What to look for in a good cut of beef.
Don’t know the difference between a short rib and a rib eye? Well you’re in luck, because we’re going to answer the age-old question of 'where’s the beef?'
At Vande Rose Farms Meat & Fish in Granite Bay, manager Mark Stewart is able to decode the sometime difficult language of beef to find the best cuts for his customers. He says once you know what to look for, finding the freshest cuts isn’t that hard.
Stewart says that just like produce you need to know what to look for in a good cut of beef. Along with a nice red color that indicates freshness, also look for fat around the edges that should be white to ivory in color and firm to the touch. Fat around the meat adds flavor and protects the meat from becoming dry during cooking. Fat also is a factor in the grading of beef—specifically the marbling.
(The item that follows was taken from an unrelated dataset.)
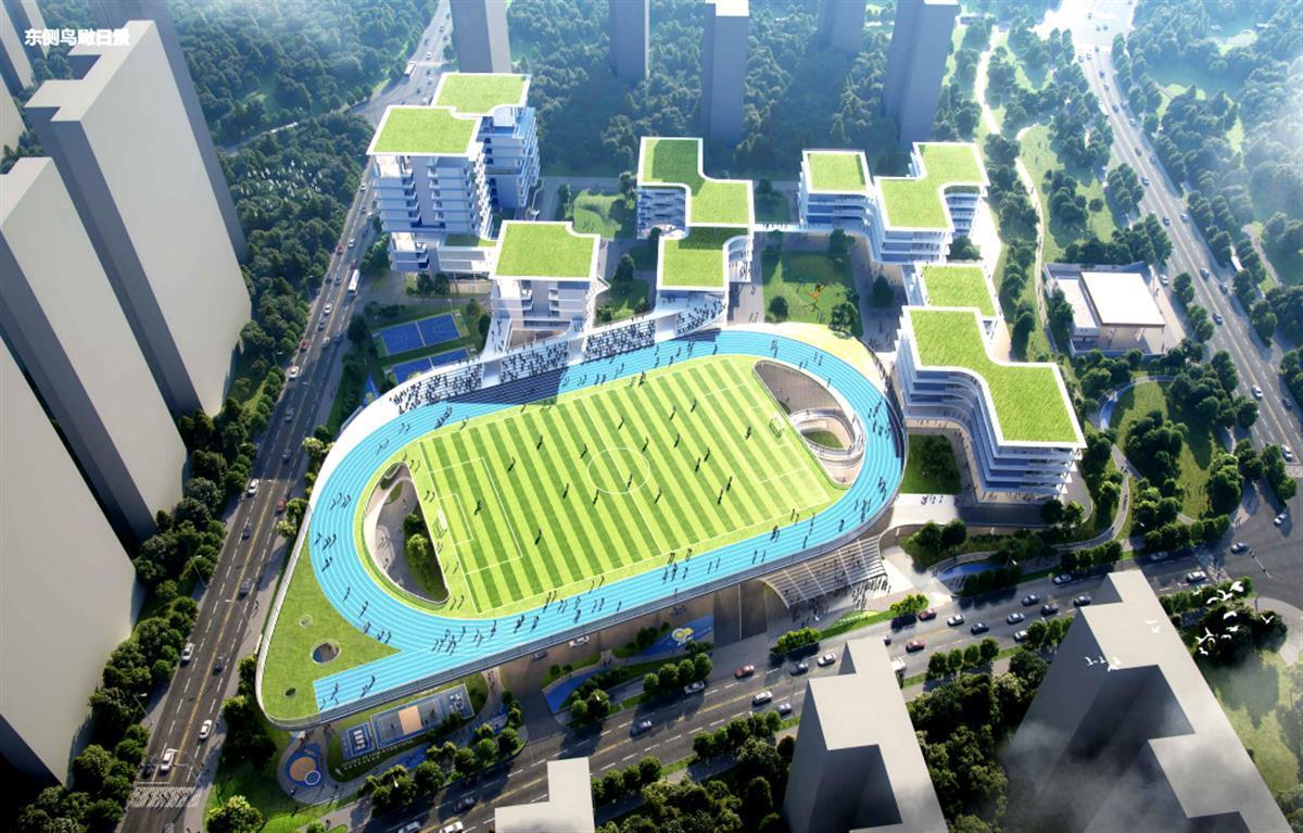 设计建筑屋面起伏,由若干连续舒展的曲线构成。特别是楼层局部采用退台设计,校园建筑的天际线起伏有致,富有变化,不同标高的屋顶通过坡道、景观台阶相连,在屋顶打造一条连续的“登山道”,供孩子们探索。
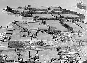 The railway through Tironui was opened on 20 May 1875, as part of the Auckland and Mercer Railway, built by Brogden & Co,[8] who extended it from Penrose.[9] Duplication of the tracks between Papatoetoe and Papakura, through Tironui, started in 1929 as an employment relief scheme[10] and was completed on 29 March 1931.[3] It was electrified in 2015.[11]

“On beef items you basically want to look for nice marbling throughout,” said Stewart. “That’s what’s going to give you a really nice rich flavor.”
More marbling equals more tender and flavorful beef. And for those of you still unsure—prime grade has the most marbling and is the most flavorful, choice Grade has less marbling and select grade has even less and therefore needs a marinade to tenderize and help make the meat more flavorful.
Knowing what the best cuts of beef are is only part of equation to the perfect meal—the other part is cooking it up. At Sacramento’s Roxy Restaurant, executive chef Danny Origel serves up a variety of beef on his menu, that he has affectionately says has “a modern cowboy cuisine” to it.
Origel recommends allowing two minutes per side for each piece of meat. Then comes his kitchen secret—finishing off the meat in the oven. He says this process lets the seasoning permeate into the meat and gives you a tender flavorful fillet. Cook at 400 degrees for about 10 minutes then remove and let the meat rest for a few minutes before serving it up.